The Instruction Register (IR) allows instructions to be serially shifted into the 3D-RAM through the SCAN_TDI pin. The instruction selects the particular test to be performed, the test data register to be accessed, or both. The instruction register is a four-bit wide shift-register with a parallel latch. The most significant bit is connected to the SCAN_TDI pin and the least significant bit is connected to the SCAN_TDO pin. On entering
the Capture-IR controller state, the Instruction Register is loaded with the default instruction "1001", which is the Bypass instruction. Instructions are shifted into the Instruction Register on the rising edge of the SCAN_TCK pin while the TAP controller is in the Shift-IR state.

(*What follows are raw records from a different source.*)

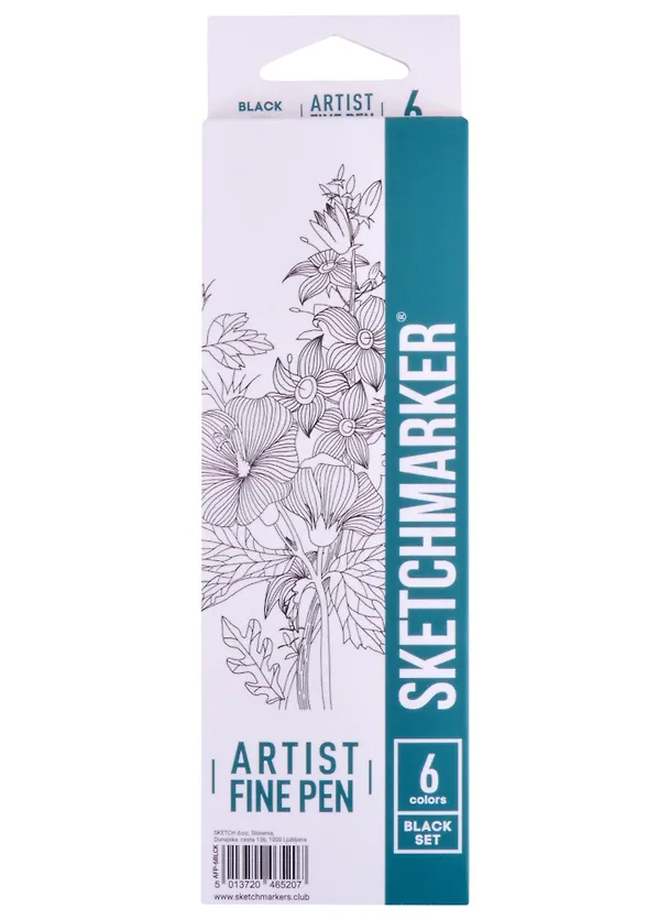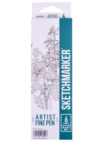 Ручки капиллярные 06цв Artist fine pen Black, к/к, Sketchmarker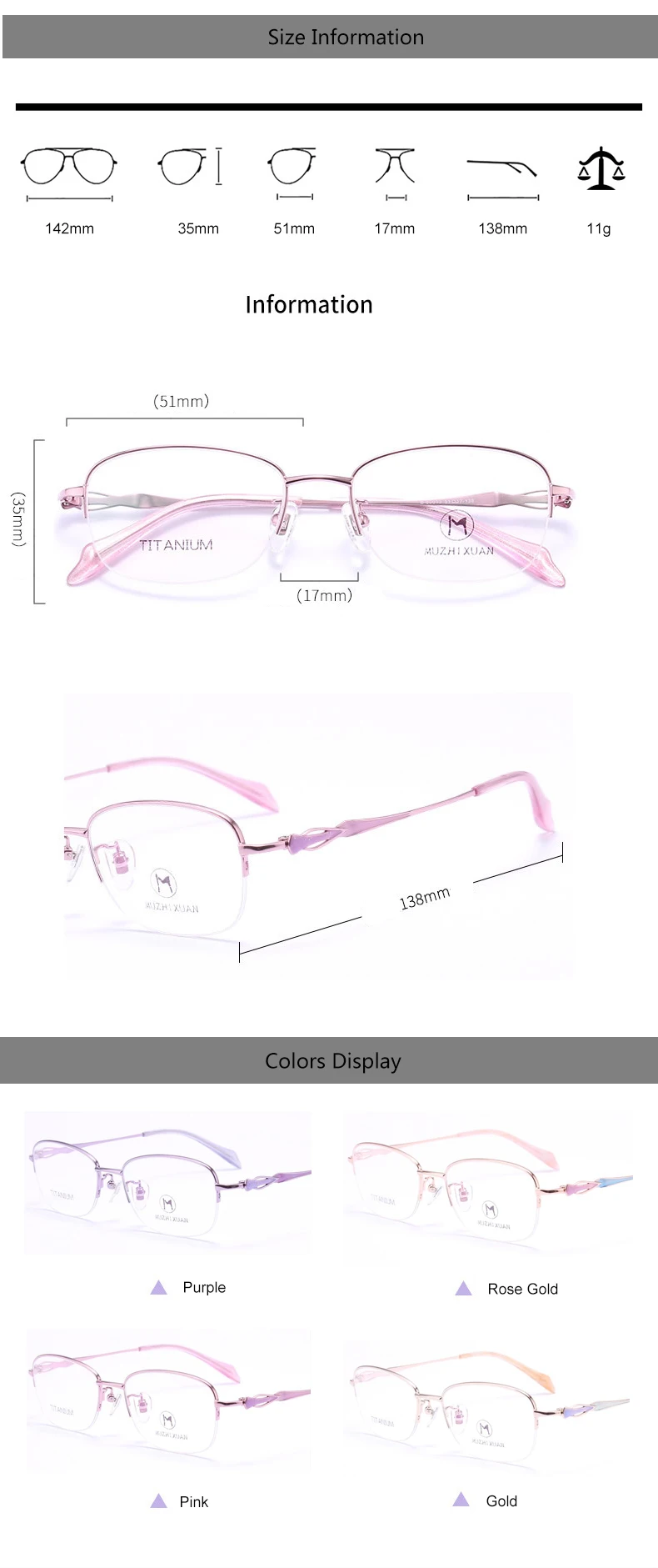 Женская оправа из чистого титана WIHODA, овальная оправа для очков, для близорукости и дальнозоркости, F80013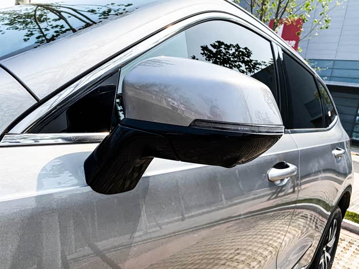 双拼色后视镜看上去很时尚,集成了并线辅助功能,并线时更加安全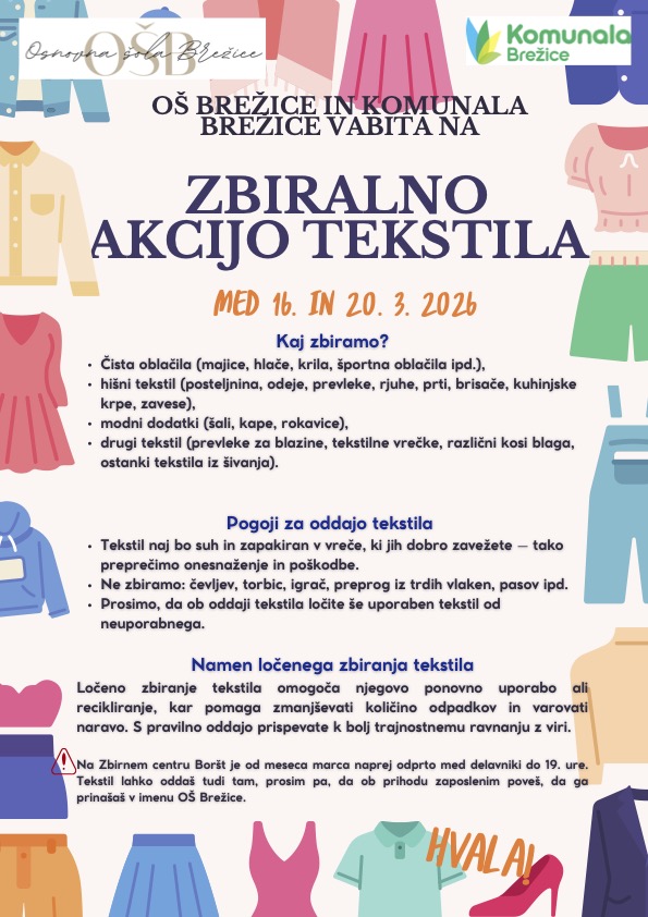 Osnovna šola Brežice in Komunala Brežice vas vabita, da prevetrite svoje omare in sodelujete v dobrodelno-ekološki akciji. Namesto da tekstil konča med mešanimi odpadki, mu podarite novo priložnost za ponovno uporabo ali recikliranje.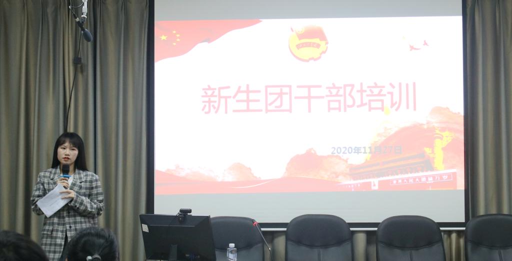分团校学生骨干培训班第三讲“新生团干部培训”在综合楼中区504会议室开讲。院学生团委副书记兰舒宁同学和院学生团委副书记助理蒋金凤同学对我院20级学生干部进行培训。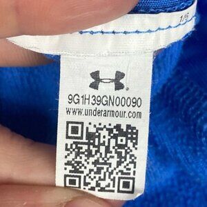 Under Armour Soft Colour Block Hoodie in Blue and Grey and Women's Size Medium. Cold gear. Loose fit. Has stretch. Long sleeve with thumb holes. Hooded. Very good pre-loved condition. No visible flaws.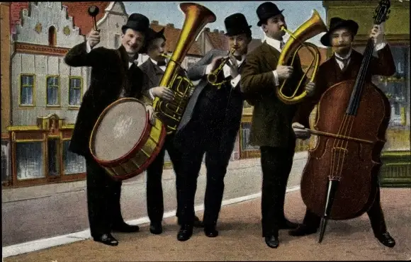 Ak Männer mit Musikinstrumenten, Trommel, Cello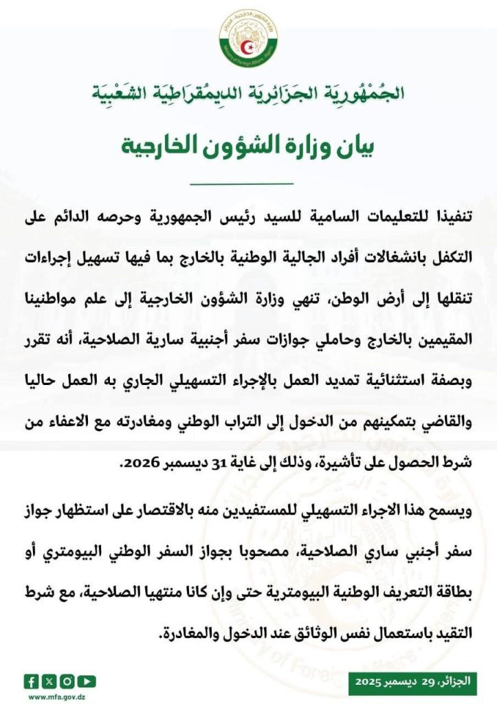 Le Consulat vous Informe qu’ à titre exceptionnel et dérogatoire, et ce jusqu’au 31 decembre 2026, les ressortissants algériens détenteurs de passeports étrangers en cours de validité peuvent rentrer et sortir du territoire national sans l’obligation d’obtenir au préalable un visa suivant une des deux (02) formules:

The 3D-RAM supports all three mandatory boundary-scan instructions, namely Bypass, Sample/Preload, and Extest. Table 10.1 lists the 3D-RAM boundary-scan instruction codes.

Rev. 1.03
3D-RAM (M5M410092B)

Table 10.1 Boundary-Scan instruction codes

| Instruction Code | Instruction Name |
| :--- | :--- |
| 0000 | Extest |
| 0001 | Bypass |
| 0010 | Bypass |
| 0011 | Bypass |
| 0100 | Sample/Preload |
| 0101 | Bypass |
| 0110 | Bypass |
| 0111 | Bypass |
| 1000 | Bypass |
| 1001 | Bypass |
| 1010 | Bypass |
| 1011 | Bypass |
| 1100 | Bypass |
| 1101 |  |
| 1110 |  |
| 1111 |  |

## Bypass Instruction

The instruction codes for the Bypass instruction are any codes except "0000" (for Extest) and "0100" (for Sample/Preload). The Bypass instruction selects the Bypass Register to be connected to the SCAN_TDI or SCAN_TDO pin. The Bypass Register contains a single shiftregister stage and is used to provide a minimum length serial path between the SCAN_TDI and the SCAN_TDO pins when no scan test operation of the 3D-RAM is required. This allows more rapid movement of test data to and from other components on the board.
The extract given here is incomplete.